**** MATERIAL TO PROCESS

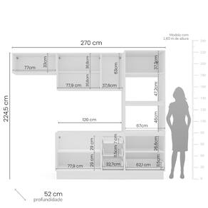 Dimensões: Altura: 224,5 cm Largura: 270 cm Profundidade: 52 cm
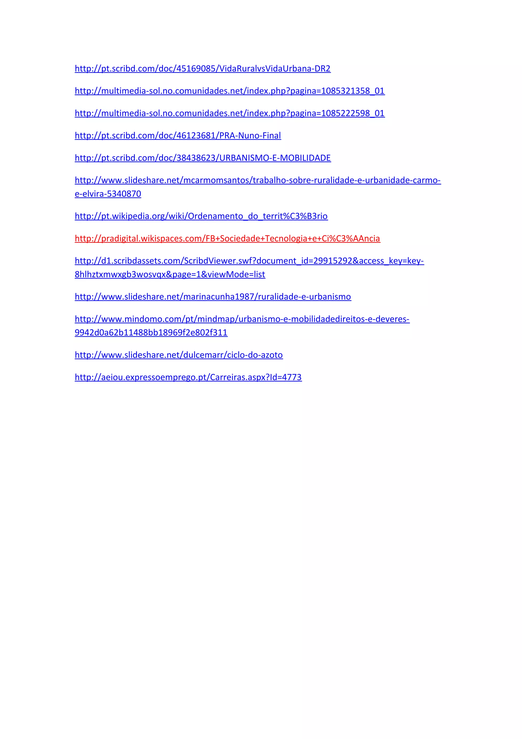 Os documentos fornecem informações sobre as diferenças entre vida rural e urbana, incluindo como o planejamento urbano e a mobilidade afetam cada uma. As fontes também discutem tópicos como ordenamento do território, tecnologia e sociedade, ruralidade versus urbanismo, e o ciclo do nitrogênio.
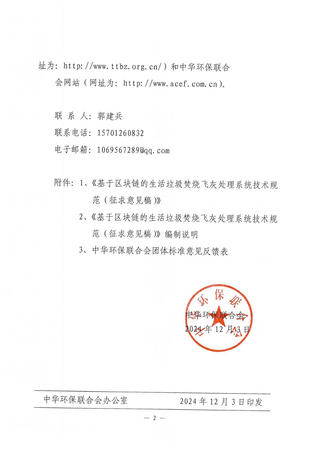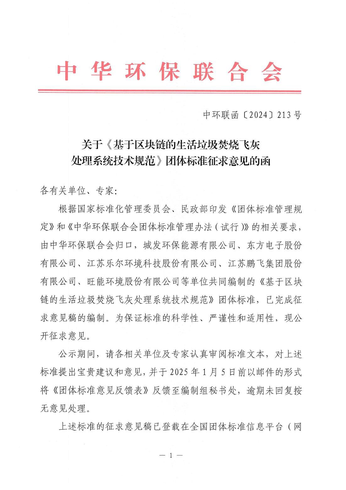 关于《基于区块链的生活垃圾焚烧飞灰处理系统技术规范》团体标准征求意见的函
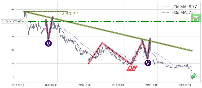 ♘ 阻力价格位41.04,可信任强度94.22%,距离最后交易2020-03-13形成的收盘价格3.230相差 +1170.62%
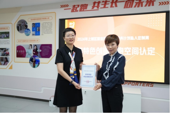 活动中,杭州市上城区人力资源和社会保障局相关负责人为上城(凯旋)创业陪跑空间颁发青年特色创业陪跑空间认定证书。
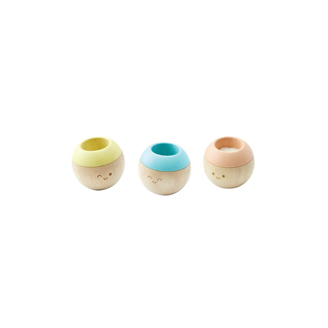3 mingi senzoriale din lemn pentru stimularea simțurilor vizual, tactil și auditiv, Plan Toys

********

**ASSIGNMENT**: Could the data above be copied out exactly, with no pictures kept?

**ANSWER TO THIS TASK**:
 Dimensões: Altura: 224,5 cm Largura: 270 cm Profundidade: 52 cm
 Os documentos fornecem informações sobre as diferenças entre vida rural e urbana, incluindo como o planejamento urbano e a mobilidade afetam cada uma. As fontes também discutem tópicos como ordenamento do território, tecnologia e sociedade, ruralidade versus urbanismo, e o ciclo do nitrogênio.
 关于《基于区块链的生活垃圾焚烧飞灰处理系统技术规范》团体标准征求意见的函
 ♘ 阻力价格位41.04,可信任强度94.22%,距离最后交易2020-03-13形成的收盘价格3.230相差 +1170.62%
 活动中,杭州市上城区人力资源和社会保障局相关负责人为上城(凯旋)创业陪跑空间颁发青年特色创业陪跑空间认定证书。
3 mingi senzoriale din lemn pentru stimularea simțurilor vizual, tactil și auditiv, Plan Toys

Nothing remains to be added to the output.